Meinem Bruder Sam gewidmet,
einem geliebten und liebevollen Menschen

Erstes Kapitel
    Zum Teufel mit dem Schreiben, ich will schlafen. Ich würde alles dafür geben, endlich zu schlafen. Aber ich kann nicht. Es ist lange her, seit ich tief und fest geschlafen habe. Seit unserer Ankunft in der Hölle nicht mehr. Seit ich zu diesem komplizierten Ort namens Hölle gegangen bin.
    Wenn ich mich endlich hinlegen kann, probiere ich alles aus. Ich zähle Merinoschafe, Corriedales, Border Leicesters und englische Langhaarschafe. Ich denke an meine Eltern. Ich denke über Lee nach. Ich denke an Corrie und Kevin und an meine anderen Freunde. Ich denke viel über Chris nach. Manchmal versuche ich meine Augen ganz fest zu schließen, befehle mir, auf der Stelle einzuschlafen, und wenn das nicht funktioniert, befehle ich mir wach zu bleiben. Umgekehrte Psychologie.
    Ich lese viel, solange es noch hell ist oder wenn ich meine, es lohnt sich, die Batterien noch ein wenig mehr aufzubrauchen. Nach einer Weile werden meine Augen müde und schwer, dann drehe ich die Taschenlampe ab und lege das Buch beiseite. Und oft ist es diese kleine Bewegung, die mich schlagartig wieder wach macht – als ginge ich den langen Flur zum Schlaf entlang, und kaum habe ich die Tür erreicht, schlägt sie vor meiner Nase zu.

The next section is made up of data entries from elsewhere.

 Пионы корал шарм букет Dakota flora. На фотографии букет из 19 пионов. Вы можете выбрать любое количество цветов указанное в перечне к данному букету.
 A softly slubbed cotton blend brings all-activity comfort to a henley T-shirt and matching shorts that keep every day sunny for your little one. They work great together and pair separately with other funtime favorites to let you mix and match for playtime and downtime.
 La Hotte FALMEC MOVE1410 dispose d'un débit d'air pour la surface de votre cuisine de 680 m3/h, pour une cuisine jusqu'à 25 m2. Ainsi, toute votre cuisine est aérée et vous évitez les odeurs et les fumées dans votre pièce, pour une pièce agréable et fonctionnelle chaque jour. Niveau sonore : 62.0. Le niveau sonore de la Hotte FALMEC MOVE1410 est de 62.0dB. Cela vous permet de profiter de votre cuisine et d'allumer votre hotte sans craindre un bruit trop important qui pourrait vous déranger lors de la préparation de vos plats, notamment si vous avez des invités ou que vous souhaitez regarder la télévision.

    Also habe ich wieder zu schreiben begonnen. Es ist ein Zeitvertreib. Nein, ich will ehrlich sein: Es ist mehr als das. Es hilft mir, wenn ich die Dinge in meinem Kopf und meinem Herzen ein wenig ordne und zu Papier bringe. Deswegen sind sie zwar immer noch in meinem Kopf und meinem Herzen, aber sobald ich darüber geschrieben habe, habe ich das Gefühl, als hätte ich Platz gemacht. Platz für anderes. Ich glaube nicht, dass es mir hilft, einzuschlafen, aber es ist immer noch besser, als im Zelt zu liegen und den Schlaf herbeizusehnen.

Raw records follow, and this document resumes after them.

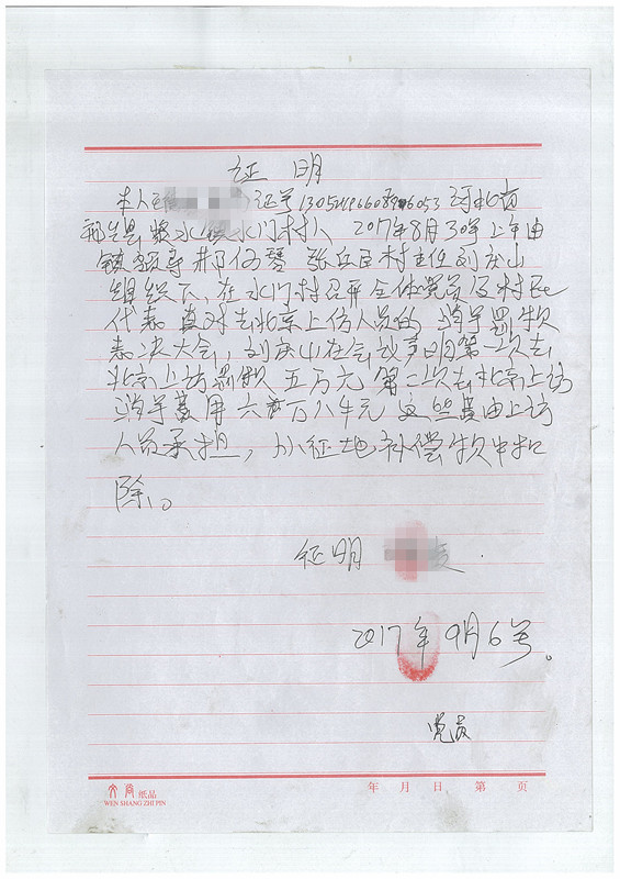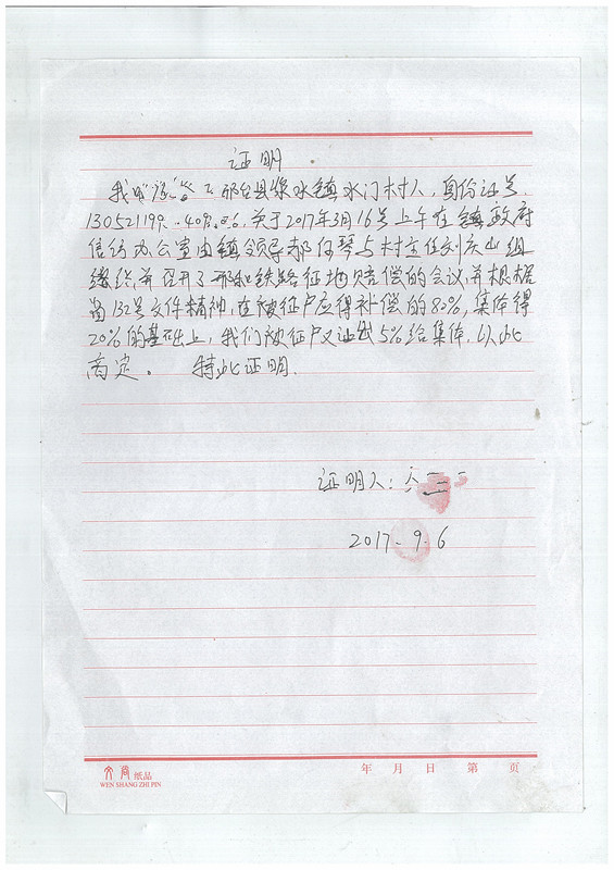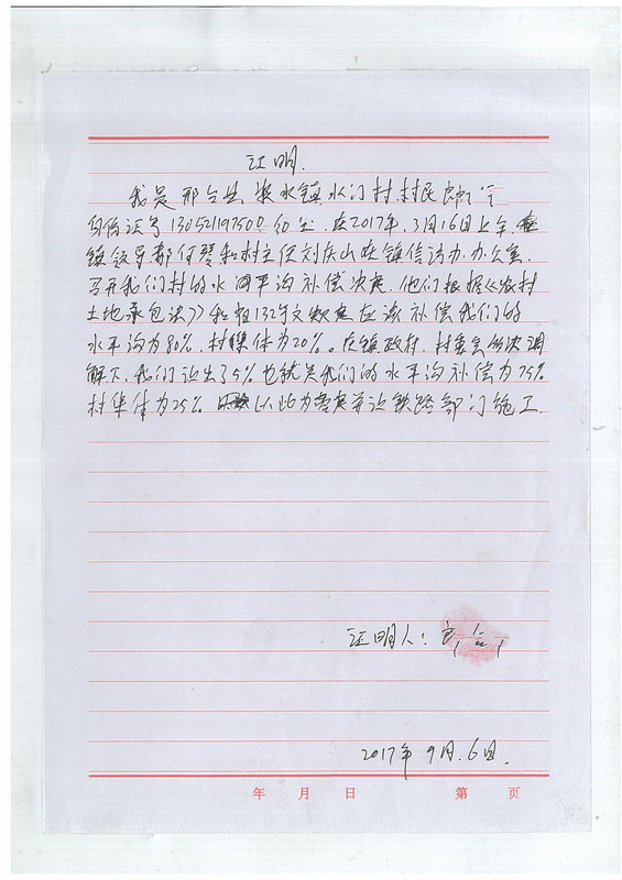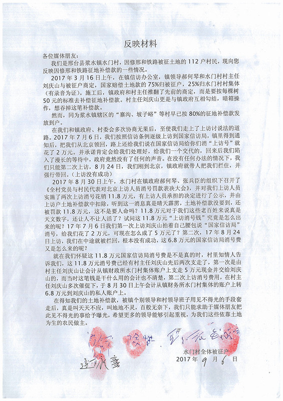近期,接到河北邢台县浆水镇水门村群众反应称,通过预留的联系方式,我们联系到了当地的群众,因修邢和铁路被征用112户农民土地补偿款,引起群众强烈不满,村主任及一些别有用心的人士就在这方面动起了歪脑筋,村民一直对此颇有微词。该村群众给笔者提供了一份当地村民写的一封联名举报信及村民签字画押,
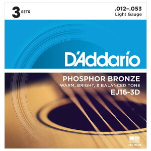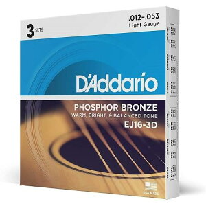 商品名 【未開封】 DAddario ダダリオ Phosphor Bronze Light Gauge アコースティックギター弦 アコギ弦 EJ16 .012-.053 3個セット 【加治木店】 メーカー...
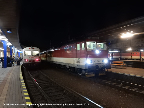 Der Kunst-REX am Hausbahnsteig, auf Gleis 2 ein Slowakischer Schnellzug mit Doppeltraktion, führend 362 010-1
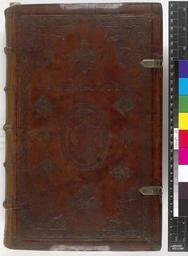 | Keywords: Eucharistia - Upper cover (c66g9).jpg Style Lettered cover eg intitals titles Religious miscellaneous; Caption Upper cover; Colour Brown; Edge Unspecified exhibition history Decorative Technique Tooled in alloy frequently gold and silver zwisch Tooled in blind Tooled in gold; Cover Material Calf Shaped boards 2 pairs of clasps May be tooled in blind or oxidised gold object history Text 1602; Krakov; Unspecified object type Cc-zero place of creation Binding Poland place of discovery Unspecified British Library image http //www bl uk/catalogues/bookbindings/LargeImage aspx RecordId 020-000010346 ImageId ImageId 44778 Copyright BL Eucharistia Uploaded with GWToolset Eucharistia - Upper cover c66g9 http //www webarchive org uk/bldatasets/bindings/11268_4 jpg Bookbinding 17th-century bookbinding British Library Bookbindings |
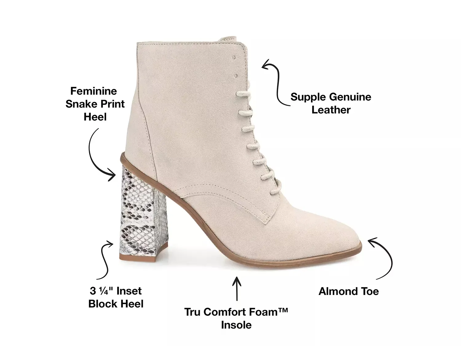 Покажите стильные образы, надев ботинки Journee Signature Edda. Эти ботинки на шнуровке выполнены из натуральной кожи и дополнены квадратным каблуком с змеиной текстурой, что подчеркивает их шикарный вид. Благодаря стельке из Tru Comfort Foam и памяти вы сможете наслаждаться комфортом в течение всего дня.
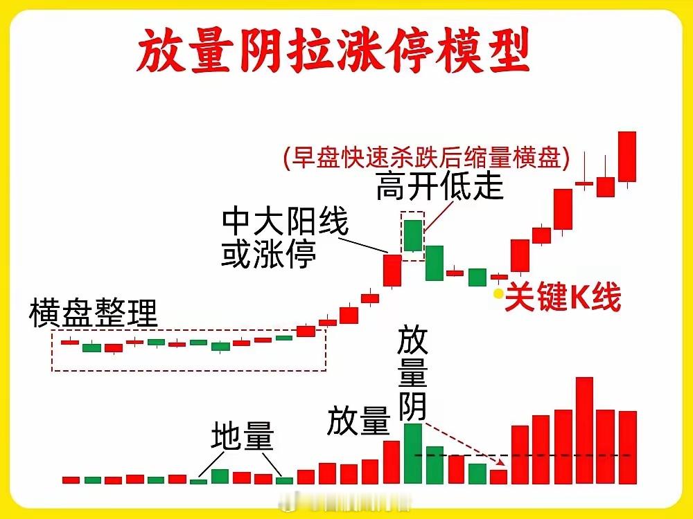 首板次日巨阴别怕!6大核心特征,1分钟分清主力洗盘还是出货做首板的朋友注意了!首板涨停后次日突现巨量大阴线,是不是瞬间慌了——怕主力出货被套山顶,又怕误判洗盘错过拉升?这是短线股民的通病!其实这根巨阴不是洪水猛兽,而是主力常用洗盘手法,抓准以下6大核心特征,就能精准区分真假信号,看完直接能用!1. 巨阴不穿关键支撑:即便盘中波动剧烈,最终未跌破首板启动价或5日均线等关键支撑,说明下方承接力充足,主力意在震仓而非出逃,后续重点观察支撑是否稳固。2. 分时多“假破位”:不会单边直线下跌,常出现短暂破关键价位后快速大单拉回,或下跌中反复脉冲反弹,这是主力故意制造恐慌,逼迫散户交出筹码。3. 量能“温和放量”:成交量虽放大,但未超首板量能3倍以上,且无开盘跌停、长时间封死跌停等极端恐慌抛盘,属于洗盘时的正常筹码交换。4. 板块联动未弱:个股巨阴时,所属核心板块未同步走弱,其他龙头或跟风股仍强势或小幅调整,说明只是个股单独洗盘,后续易重启拉升。5. 次日快速修复:巨阴后第二天,股价低开高走、平开震荡或小幅回调后快速反弹,能收回巨阴实体一半以上,预示恐慌情绪释放完毕,洗盘基本结束。6. 筹码峰未松动:巨阴当天底部获利筹码仍集中,未出现明显上移或分散,这是洗盘核心信号(主力出货会导致筹码快速上移、分散)。短线做首板,最怕把洗盘当出货、把出货当洗盘。掌握这6个特征,就能精准识别主力意图,避免误判踏空或被套。希望对你有帮助,记得点赞转发!

    Die anderen waren von Anfang an dafür gewesen, dass ich alles aufschreiben sollte. Es sollte unser Bericht, unsere Geschichte werden. Es war uns so wichtig gewesen, alles aufzuschreiben. Jetzt, glaube ich, ist es ihnen einerlei, ob ich schreibe oder nicht. Das hat auch damit zu tun, dass ihnen einiges von meinen letzten Aufzeichnungen nicht gefallen hat. Ich hatte sie gewarnt und gesagt, ich würde ehrlich sein, und das war ich dann auch und sie meinten, das sei in Ordnung, aber als sie es schließlich lasen, waren sie nicht gerade begeistert. Chris am allerwenigsten.
    Heute Abend ist es schon sehr dunkel. Der Herbst streift durch den Busch, lässt die ersten Blätter fallen, verfärbt die Brombeeren und die Brise ist empfindlich kühler geworden. Bei der Kälte fällt es mir schwer, zu schreiben und gleichzeitig warm zu bleiben. Ich bin wie eine Bucklige in meinen Schlafsack eingerollt und versuche die Taschenlampe, meinen Kugelschreiber und das Papier so zu balancieren, dass meine Haut der kalten Nachtluft nicht ausgesetzt ist.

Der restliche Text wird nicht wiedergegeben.